La critique rousseauiste des spectacles n'épargne pas davantage la comédie que la tragédie. Dans un passage resté célèbre, Rousseau s'en prend à ce qu'il définit pourtant comme la plus belle pièce du "plus parfait auteur comique": Le Misanthrope de Molière. L'argument ici est a fortiori, car comment croire que ce qui est à l'oeuvre chez le grand Molière ne l'est pas, plus bassement encore, chez les autres auteurs? A travers le personnage d'Alceste, Rousseau tient donc la preuve que le rire de la comédie n'est pas moral mais social: il ne nous rend pas meilleurs mais seulement plus conformes à ce que la société veut que nous soyons. 

 

"Je trouve que cette comédie [Le Misanthrope] nous découvre mieux qu'aucune autre la véritable vue dans laquelle Molière a composé son théâtre ; et nous peut mieux faire juger de ses vrais effets. Ayant à plaire au public, il a consulté le goût le plus général de ceux qui le composent: sur ce goût il s'est formé un modèle, et sur ce modèle un tableau des défauts contraires, dans lequel il a pris ses caractères comiques, et dont il a distribué les divers traits dans ses pièces. Il n'a donc point prétendu former un honnête homme, mais un homme du monde ; par conséquent, il n'a point voulu corriger les vices ; mais les ridicules ; et comme j'ai déjà dit, il a trouvé dans le vice même un instrument très propre à y réussir. Ainsi voulant exposer à la risée publique tous les défauts opposés aux qualités de l'homme aimable, de l'homme de société, après avoir joué tant d'autres ridicules, il lui restait à jouer celui que le monde pardonne le moins, le ridicule de la vertu: c'est ce qu'il a fait dans Le Misanthrope." 

Rousseau, Lettre à d'Alembert, Editions Flammarion, Paris, 2003, pp.85-8

On a les spectacles que l'on mérite, Lettre à d'Alembert

Dans cet extrait, Rousseau décrit le cercle logique dans lequel est pris le théâtre dès lors qu'il prétend instruire moralement son public. La Lettre à d'Alembert énonce ce que l'on pourrait appeler le "principe d'agrément" (pour exister, un spectacle doit plaire) qui condamne l'art à flatter les penchants de son public quand il voudrait les corriger. Chaque peuple veut des pièces qui lui ressemblent et toute société n'a donc que les spectacles qu'elle mérite. 

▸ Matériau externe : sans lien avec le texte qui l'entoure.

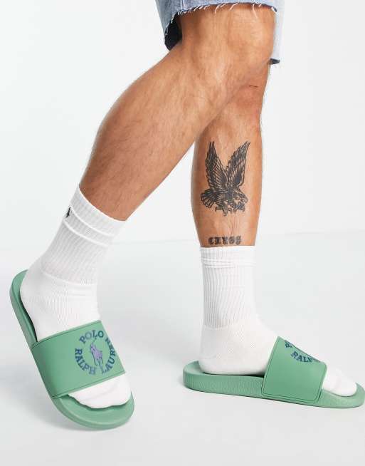 Sandalias verdes con logo circular de la colaboración exclusiva de Polo Ralph Lauren x ASOS

« Quant à l’espèce de spectacles, c’est nécessairement le plaisir qu’ils donnent et non leur utilité qui la détermine. Si l’utilité peut s’y trouver, à la bonne heure ; mais l’objet principal est de plaire, et pourvu que le peuple s’amuse, cet objet est assez rempli. Cela seul empêchera toujours qu’on ne puisse donner à ces sortes d’établissements tous les avantages dont ils seraient susceptibles, et c’est abuser beaucoup que de s’en former une idée de perfection qu’on ne saurait mettre en pratique sans rebuter ceux qu’on croit instruire. Voilà d’où naît la diversité des spectacles, selon les goûts divers des nations. Un peuple intrépide, grave et cruel, veut des fêtes meurtrières et périlleuses, où brillent la valeur et le sang-froid. Un peuple féroce et bouillant veut du sang, des combats et des passions atroces. Un peuple voluptueux veut de la musique et des danses. Un peuple galant veut de l’amour et de la politesse. Un peuple badin veut de la plaisanterie et du ridicule. Trahit sua quemque voluptas (1). Il faut, pour leur plaire des spectacles qui favorisent leurs penchants, au lieu qu’il en faudrait qui les modérassent. » 

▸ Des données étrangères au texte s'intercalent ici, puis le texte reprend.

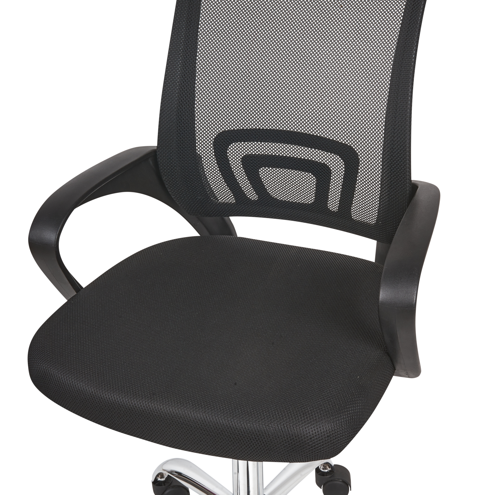 Scaun de birou cu spătar din plasă și înălțime reglabilă. Un scaun de birou versatil, ideal atât pentru biroul de acasă, cât și pentru camera unui adolescent. Are un spătar ergonomic ce susține o postură corectă și o plasă respirabilă care asigură confort chiar și în zilele călduroase. Înălțimea se reglează ușor cu ajutorul manetei de sub șezut, iar baza solidă cu cinci roți oferă mobilitate și stabilitate în timpul utilizării. Detalii: Tip de Produs: Scaun de birou. Stil: Minimalist. Culoare: Negru. Material: Țesătură. Material primar: Țesătură. Material secundar: Fier. Detalii material picioare: Metal. Material scaun: Țesătură. Compoziția materialului: 100% Poliester. Rotire la 360°: Da. Piese reglabile: Înălțime scaun. Cotiere: Da. Protecții pentru picioare incluse: Nu. Înclinare: Nu. Dimensiuni: Adâncime: 60 cm. Înălțimea scaunului: 39-50 cm. Lățime: 60 cm. Înălțime: 88-97 cm. Suprafața de ședere: 49x50 cm. Greutate: 9 kg. Capacitatea de greutate: 120 kg. Oferta incude: 1 x Scaun de birou. Caracteristici cheie: Reglarea pneumatică a înălțimii scaunului, Rotire de 360°, Roți pivotante cu rulare lină, Design modern. Asamblare: Necesită asamblare parțială.20-40 min. Informații suplimentare: Pentru o stabilitate și siguranță maximă în utilizare, se recomandă să verificați la aproximativ 2 săptămâni după instalare dacă produsul a fost asamblat corect. De asemenea, se recomandă să verificați dacă șuruburile sunt strânse corect, o dată la 3 luni. Sfaturi de întreținere: Țesătură: 1.Vă rugăm să curățați cu un șampon uscat și un burete umed sau cu un detergent ușor. 2.Aspirati folosind un accesoriu potrivit. Fier: 1.Curățați cu un detergent delicat și o cârpă moale, apoi ștergeți bine. 2.Pentru a evita zgârieturile, nu folosiți produse de curățare abrazive. 3.Pentru elementele din cupru sau crom, folosiți un agent de lustruire.

(1) « Chacun suit le plaisir qui lui est propre ». Citation de Virgile, Bucoliques, II, v. 65. 

Rousseau, Lettre à d’Alembert, Editions Flammarion, Paris, 2003, p.66

Poètes et législateurs, Lois VII

La politique a ceci de commun avec l'art tragique qu'elle est toute de mise en scène : ainsi une bonne constitution est-elle comme une bonne pièce, un vivant miroir de l'excellence humaine. De là néanmoins l'exclusion des poètes de la cité comme de dangereux concurrents. Car ne sommes-nous pas toujours tous plus ou moins contraints de jouer deux textes, celui de la vertu et celui des passions, celui des lois et celui des poètes?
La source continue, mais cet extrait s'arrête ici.